В течение всего нашего разговора о газете и о коллегах я думал о Шадии и о той загадке, которую ни я, ни другие так и не смогли разгадать. Изящная красавица Шадия, самая красивая изо всех наших женщин-редакторов. Они с Ибрахимом полюбили друг друга, и мне это казалось совершенно естественным, потому что Ибрахим также был очень привлекательным мужчиной: высокого роста, спортивный, с проницательными карими глазами, он сразу обращал на себя внимание, хотя одевался всегда скромно, считая заботу о своей внешности буржуазным предрассудком. Шадия сохраняла верность ему все годы, что он провел в заключении и решительно отвергала ухаживания многочисленных поклонников. Она стойко терпела придирки, которым подвергалась в редакции в качестве подруги одного из «врагов революции», как тогда принято было говорить. Но сразу по выходе Ибрахима из тюрьмы всякие отношения между ними прекратились. Я, как и другие коллеги, пытался играть роль посредника и миротворца, но все попытки оказались тщетными. Ни Шадия, ни Ибрахим ни словом не объяснили случившегося. А вскоре Шадия буквально огорошила всех нас, выйдя замуж за бухгалтера газеты, которого в редакции именовали дядюшкой Абд ал-Латифом — настолько он был преисполнен чувства собственного достоинства и медлителен в жестах и движениях. Ровно через год Шадия родила первого ребенка. А потом снова удивила всех, потребовав перевода из редакции в административный отдел газеты, в бухгалтерию. Куда девалась прежняя Шадия? Она расплылась, совсем перестала следить за собой. Зимой и летом носила поверх платья нечто вроде плаща с широкими рукавами и без пуговиц. Голову повязывала платком и со счастливым смехом объясняла сослуживцам, что делает это потому, что «си[9] Абд ал-Латиф» ужасно ревнует ее. Я всегда видел ее либо беременной, либо с животом, как у беременной. Она ходила по коридорам, останавливаясь у каждой двери, и расспрашивала всех редакторов и служащих о том, как идут дела, а потом разносила новости дальше. Звонко смеясь, что раньше ей было совершенно несвойственно, она признавалась, что «до смерти любит сплетни». Я глазам своим не верил: неужели это та самая Шадия, которая всегда спокойно сидела за своим редакторским столом, большую часть времени молчала, но загоралась, когда разговор заходил об освободительном движении в Африке, о наплыве иммигрантов в Израиль или о японском экономическом чуде. Казалось, она напрочь забыла обо всем этом. Неужели, спрашивал я себя, любовная катастрофа может до такой степени изменить человека?
Прежде я никогда не задавал Ибрахиму никаких вопросов на этот счет. Но теперь, когда мы сидели в кафе, в чужом городе, молча прихлебывая кофе после легкой трапезы и после того, как Ибрахим выразил желание посидеть еще немного в этом месте, я не мог сдержаться.
Я сказал, словно эта мысль только что пришла мне в голову:
— Кстати, раз уж ты задал мне вопрос о Манар, я тоже хочу выяснить кое-что, давно меня интересующее, — почему расстались вы с Шадией? Почему ты оставил ее или она оставила тебя?

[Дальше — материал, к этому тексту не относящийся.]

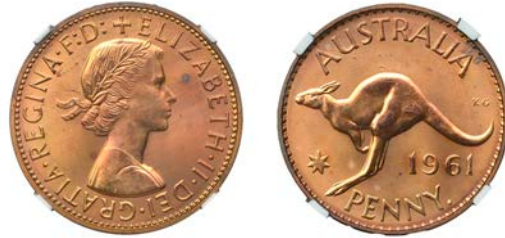
942 Elizabeth II , Proof Penny, 1961, edge plain, 12h (KM. 56). Some spotting and minor marks, partially toned, otherwise virtually as struck [slabbed NGC PF 64 RD]
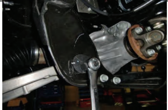
Mark and loosen front/rear lower control arm alignment cams
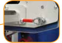
Selectable floating upper head processes compressible overfills

Ибрахим отозвался, не отводя глаз от окна:
— Я отвечу тебе так же, как ты ответил мне: неужели ты думаешь, что знание причин может иметь сейчас какое-либо значение? — И, повернувшись ко мне, продолжил:
— Впрочем, как говорит один мой друг, человек, достигший пятидесяти, не должен ничего скрывать или утаивать. Да, я ее действительно любил, любил, как ни одну другую женщину. Из тюрьмы я писал ей, что она свободна от всяких обязательств по отношению ко мне. Более того — на лице Ибрахима отразилось внутреннее колебание, которое он, однако, быстро преодолел, — я даже написал ей, что, если она готова ждать меня столько лет, она вправе проводить время с любым мужчиной, который ей понравится…
Эти слова меня поразили.
— Ибрахим, — воскликнул я, — но в нашей стране мужчина не говорит женщине ничего подобного!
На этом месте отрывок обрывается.